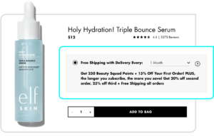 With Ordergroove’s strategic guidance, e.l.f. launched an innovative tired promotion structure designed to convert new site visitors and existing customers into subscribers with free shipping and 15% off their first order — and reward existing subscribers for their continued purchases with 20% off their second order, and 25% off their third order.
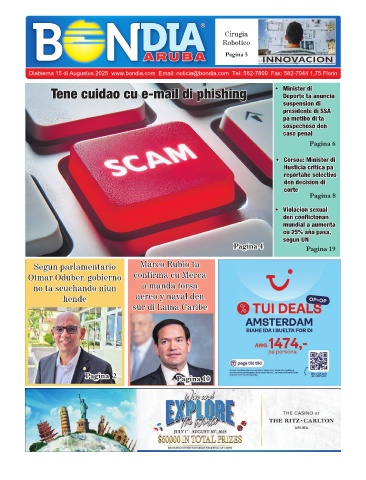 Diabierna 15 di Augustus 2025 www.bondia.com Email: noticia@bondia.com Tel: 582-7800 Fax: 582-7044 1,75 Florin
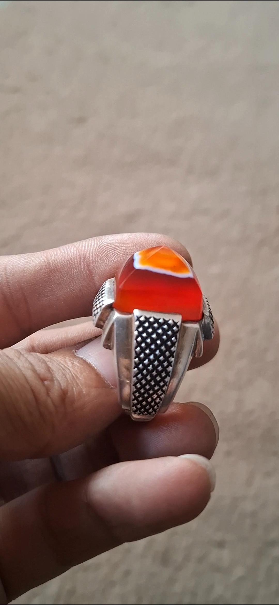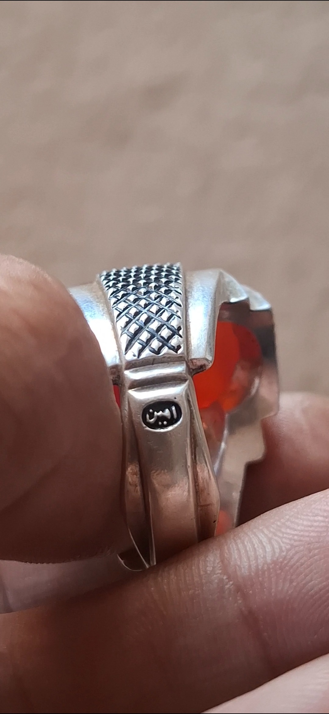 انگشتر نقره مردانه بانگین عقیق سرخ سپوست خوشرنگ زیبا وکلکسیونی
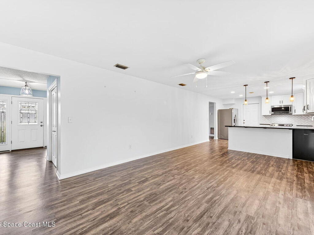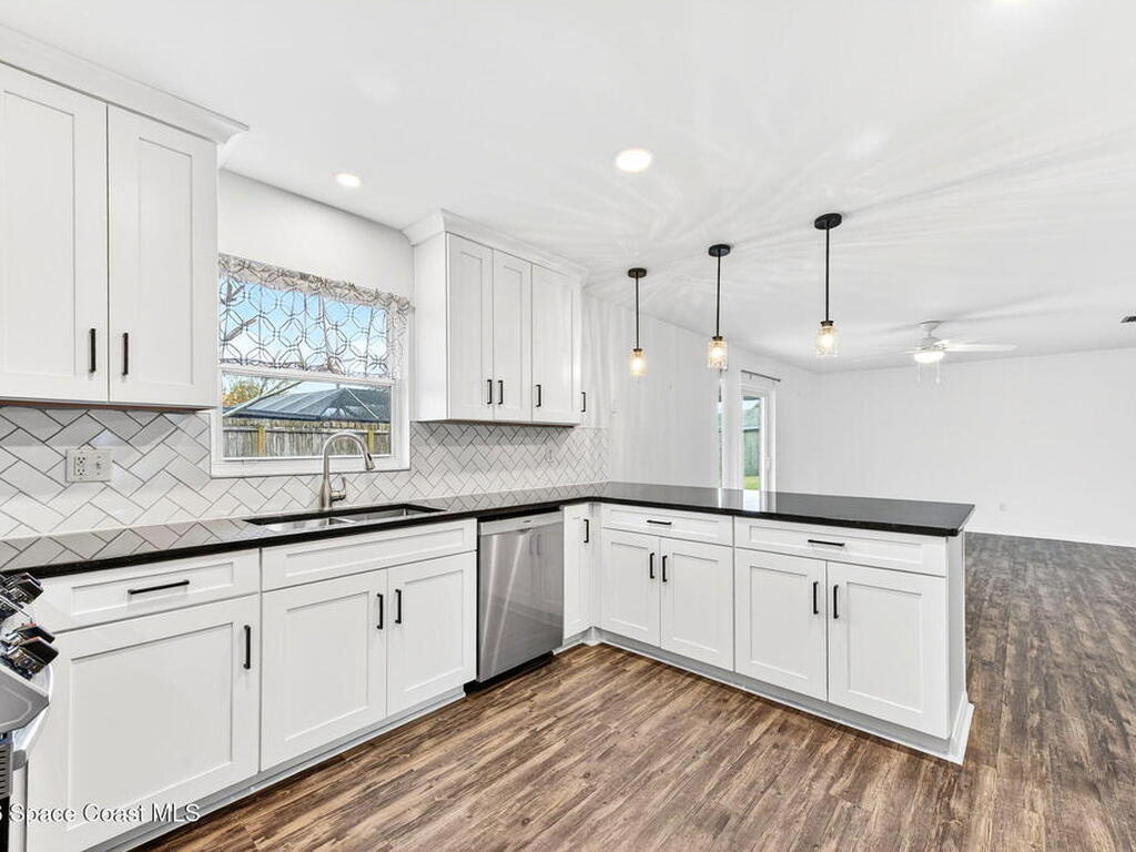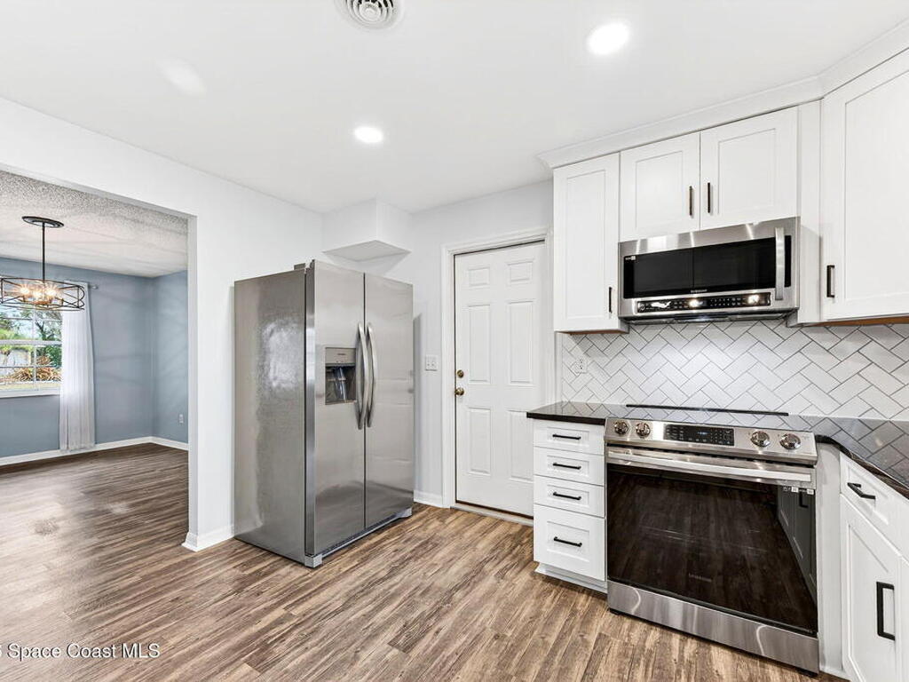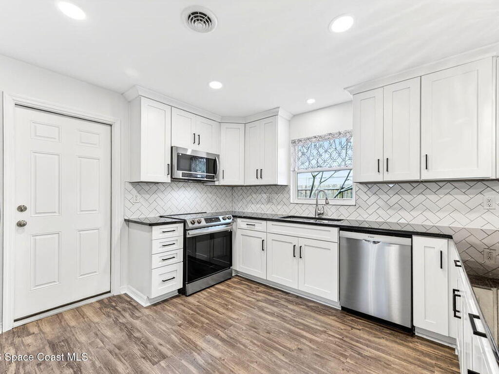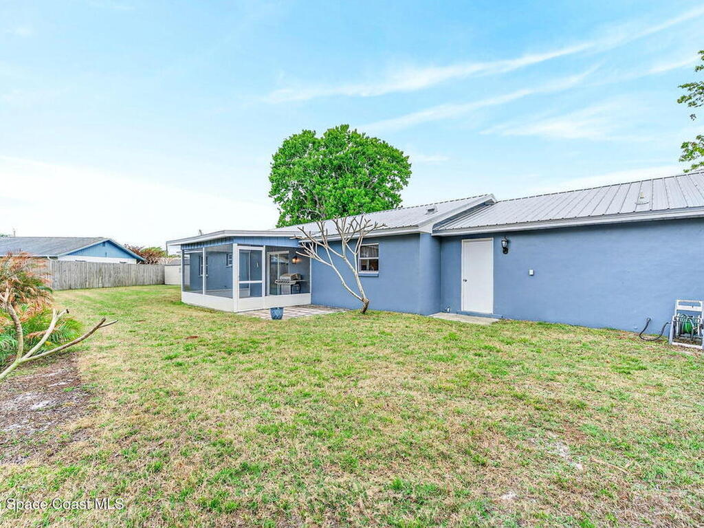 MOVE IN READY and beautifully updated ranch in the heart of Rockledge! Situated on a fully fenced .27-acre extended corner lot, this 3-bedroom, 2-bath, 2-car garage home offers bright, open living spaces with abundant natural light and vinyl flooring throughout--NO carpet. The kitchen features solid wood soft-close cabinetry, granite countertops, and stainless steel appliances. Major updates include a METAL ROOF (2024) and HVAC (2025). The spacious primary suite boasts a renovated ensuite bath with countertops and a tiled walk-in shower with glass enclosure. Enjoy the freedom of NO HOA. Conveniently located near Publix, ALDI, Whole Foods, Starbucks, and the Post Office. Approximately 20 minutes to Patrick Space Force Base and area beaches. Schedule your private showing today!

__TASK TO CARRY OUT__
What you give back should be exactly the lines from the top of the data above down to and including the line with "انگشتر نقره مردانه", minus any pictures.

__EXERCISE OUTPUT__
 With Ordergroove’s strategic guidance, e.l.f. launched an innovative tired promotion structure designed to convert new site visitors and existing customers into subscribers with free shipping and 15% off their first order — and reward existing subscribers for their continued purchases with 20% off their second order, and 25% off their third order.
 Diabierna 15 di Augustus 2025 www.bondia.com Email: noticia@bondia.com Tel: 582-7800 Fax: 582-7044 1,75 Florin
 انگشتر نقره مردانه بانگین عقیق سرخ سپوست خوشرنگ زیبا وکلکسیونی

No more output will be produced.